La limitation des naissances a été lancée à la fin des années 1970 dans un contexte de forte croissance démographique – lorsque les familles nombreuses étaient la norme. Mais la Chine a décidé en 2015 d’autoriser tous les couples à avoir deux enfants, sur fond de vieillissement de la population et d’un manque croissant de main-d’œuvre.

« Inutile »

Cette révolution ne s’est toutefois pas traduite par un baby-boom. Loin de là. Le taux de natalité l’an passé était même le plus faible depuis la fondation de la République populaire en 1949: avec l’augmentation du coût de la vie, les couples rechignent à faire des enfants.

Selon les estimations du gouvernement, le recensement devrait faire état d’une population de 1,42 milliard d’habitants (+5,99% en 10 ans). Mais un institut de recherche chinois a publié en octobre une étude, très commentée dans le pays, qui jugeait cette prévision bien trop optimiste et appelait à autoriser trois enfants par couple.

Beaucoup de Chinois soulignent que le véritable frein aux naissances est le manque de soutien public face au coût de la vie et de l’école. « Même autoriser 10 bébés, ce sera inutile tant que la société ne sera pas plus accueillante pour les nouveau-nés et pour l’éducation des enfants », a commenté un internaute sur le réseau social WeChat – un avis au diapason de l’avis général et « aimé » des centaines de fois.
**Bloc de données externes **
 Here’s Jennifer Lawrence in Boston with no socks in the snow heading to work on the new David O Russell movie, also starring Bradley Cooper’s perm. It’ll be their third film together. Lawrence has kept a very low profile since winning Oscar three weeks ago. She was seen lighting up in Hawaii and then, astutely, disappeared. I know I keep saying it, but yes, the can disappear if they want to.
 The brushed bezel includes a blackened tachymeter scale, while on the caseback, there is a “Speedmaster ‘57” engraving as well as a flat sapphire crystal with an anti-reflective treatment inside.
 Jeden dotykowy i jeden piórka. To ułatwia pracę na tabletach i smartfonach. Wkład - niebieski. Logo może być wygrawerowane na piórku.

Des experts estiment qu’il faudra 15 ans pour voir les effets de la politique « des deux enfants ». Car d’autres facteurs viennent limiter les naissances, notamment les études plus longues des femmes et leur volonté d’avoir un bébé plus tard.

Quelle protection ?

Outre le porte-à-porte, de nombreux Chinois devraient soumettre leurs informations via une application mobile. Elle suscite déjà une petite polémique, dans un pays où le débat est croissant sur la protection des données personnelles.

La Chine est ultra-connectée, bien plus que l’Occident, en matière de services et de paiements mobiles. Pour beaucoup de consommateurs, la collecte d’informations sur leurs habitudes d’achat ou de voyage est jugée acceptable, en raison des avantages du monde numérique.
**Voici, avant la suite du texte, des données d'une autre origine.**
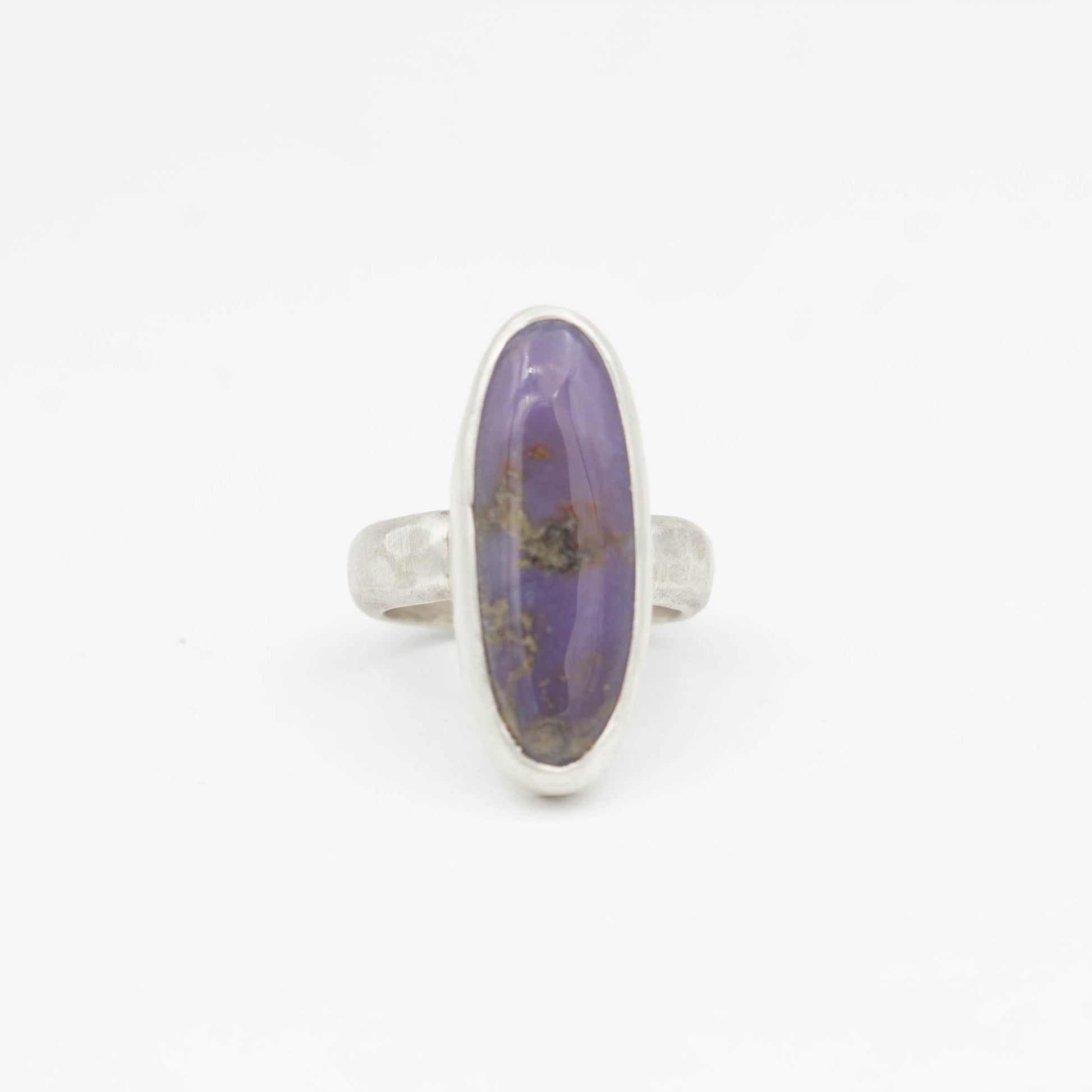 This is a high-grade Burro Creek agate that I made into a bezel-set ring that focuses all attention on this gorgeous stone. It has a hefty, hammer-textured band and a soft satin finish on the silver. You'll love wearing this one-of-a-kind, handmade statement piece, which may just become the ring you wear every day!

Mais d’autres s’interrogent sur l’utilisation de leurs données. Des appréhensions encore alimentées cette année par l’émergence d’applications anti-Covid obligatoires. Si elles ont permis d’endiguer efficacement le coronavirus, elles s’accompagnent d’une vaste collecte par les autorités d’informations sur les déplacements.

Le Bureau national des statistiques, qui supervise le recensement, a promis que tous les renseignements collectés resteraient confidentiels et ne seraient pas utilisés à d’autres fins. Quant au gouvernement, il a dévoilé cette année un projet de loi sur la protection des données, qui prévoit notamment des peines alourdies pour les contrevenants.